E i perdenti, nella confusione ideologica che ha rotto gli steccati tra destra
e sinistra, scelgono chi promette un ritorno a un mondo foderato di sicurezze
prendendo di mira i “nemici” principali: la globalizzazione, l’Unione europea,
gli immigrati... Ai tempi della prima industrializzazione, a una crescita delle
ineguaglianze erano seguiti un aumento del benessere collettivo e la
moltiplicazione dei posti di lavoro. Oggi la storia non sembra ripetersi. In
alcuni Paesi (gli Stati Uniti, per esempio) il tasso di occupazione scende,
l’innovazione tecnologica impone cambiamenti così rapidi da creare insicurezza,
le aspettative diminuiscono e la rabbia cresce.
• La
crisi delle democrazie
Tutto
ciò non produce solo una generale sfiducia nelle élite, ma nel concetto stesso
di democrazia. Dalla fine del secolo scorso in almeno 25 Paesi nel mondo i
sistemi democratici hanno fallito e tre di questi (Turchia, Russia e Ungheria)
sono in Europa. E in tutti i casi la colpa del fallimento è da imputare alla
sfiducia dei cittadini “rimasti indietro”. «Non c’è democrazia senza
borghesia», disse il sociologo americano Barrington Moore. E in molti Paesi
dell’Occidente la classe media sente franare la terra sotto i piedi. C’è da
stupirsi se queste persone si schierano contro chi dice di difenderli? No, è
sempre accaduto nella storia.
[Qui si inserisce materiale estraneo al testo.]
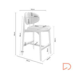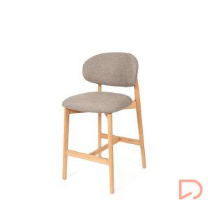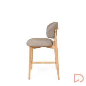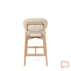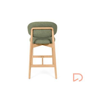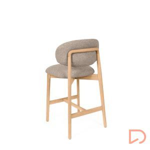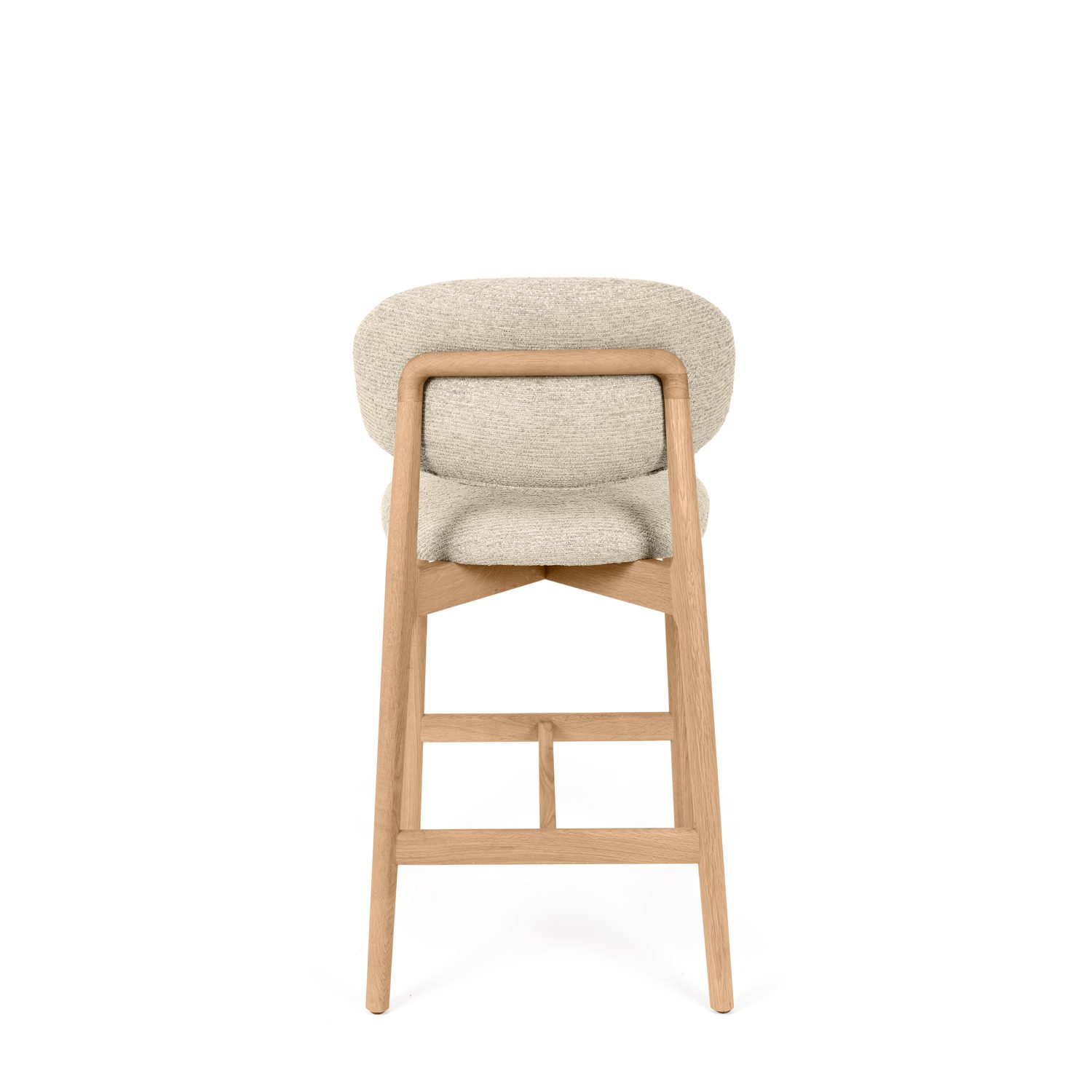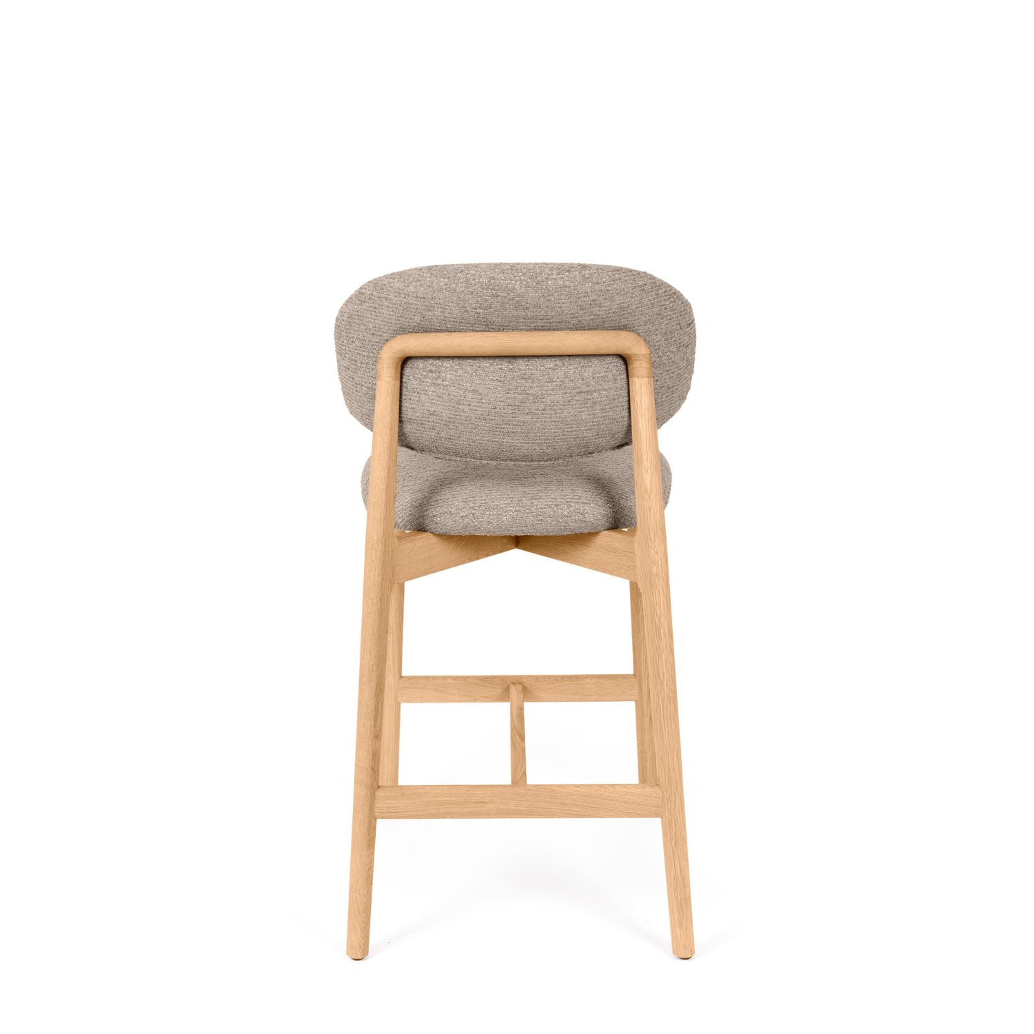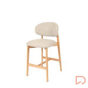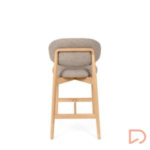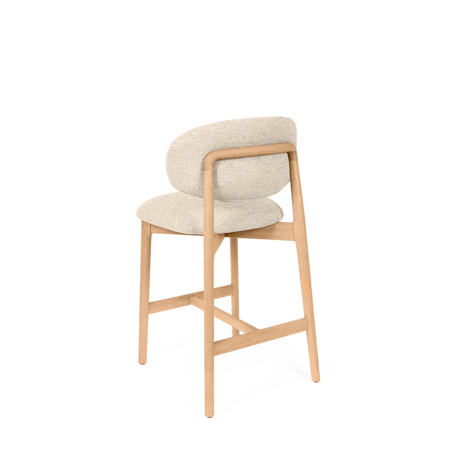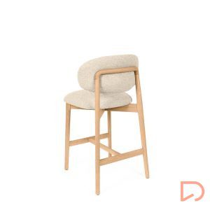 El taburete RENZO destaca por su equilibrio entre diseño, confort y estructura. Su base en madera de haya aporta solidez y calidez visual, mientras que las patas, ligeramente cónicas y unidas por travesaños en cruz, refuerzan la estabilidad y le otorgan un carácter artesanal muy cuidado.

Edward Luce nota che nell’Europa continentale il
peso dei partiti populisti è tanto più forte quanto è più solido il welfare da
difendere: in Danimarca il Partito del popolo e in Olanda il partito per la
libertà di Geert Wilder, ponendosi come baluardi contro gli immigrati (che
usano lo stato sociale pagato dai cittadini) hanno conquistato i voti di oltre
un quarto dei lavoratori che fino a ieri votavano socialdemocratico. In Francia
Marine Le Pen propone un «contratto sociale contro l’occupazione islamica».
L’Ukip britannico, nato come piccolo partito antitasse, è diventato poi uno
strenuo difensore del servizio sanitario, e nel corso della campagna della
Brexit diffuse la colossale bugia che uscendo dalla Ue il Regno Unito avrebbe
liberato 350 milioni di sterline da investire nella sanità per i cittadini
britannici. E anche in Italia il Movimento Cinque Stelle, vedendo l’aria che
tira, sta indurendo la propria strategia anti-immigrati schierandosi contro lo
ius soli.
• Il
sogno infranto
Tutto
ciò – dice Luce – ha naturalmente un impatto molto radicale sul ruolo che
l’Occidente ha nel mondo. Il fatto che si stiano moltiplicando gli Stati
autoritari e le democrazie illiberali è il segno che qualcosa è andato storto:
forse pensare che il resto del mondo seguisse il nostro copione è stato solo il
frutto della nostra arroganza. In realtà la marcia verso la libertà – e verso
un benessere sempre maggiore – non è un processo inarrestabile. In Occidente
abbiamo una visione lineare della storia, dove il tempo si srotola di fronte a
noi e non può che portarci al progresso e alla felicità. Ma quel sogno si è
spezzato. E forse hanno ragione i cinesi e gli indiani, che invece hanno una
visone circolare della storia. Forse torneremo a un mondo multipolare, dove il
primato dell’Occidente sarà un ricordo. Cina, India e Russia si stanno battendo
contro la nostra ambizione di imporre valori universali a tutti , e c’è da
augurarsi che questo scontro - qualunque esito abbia - prosegua pacificamente.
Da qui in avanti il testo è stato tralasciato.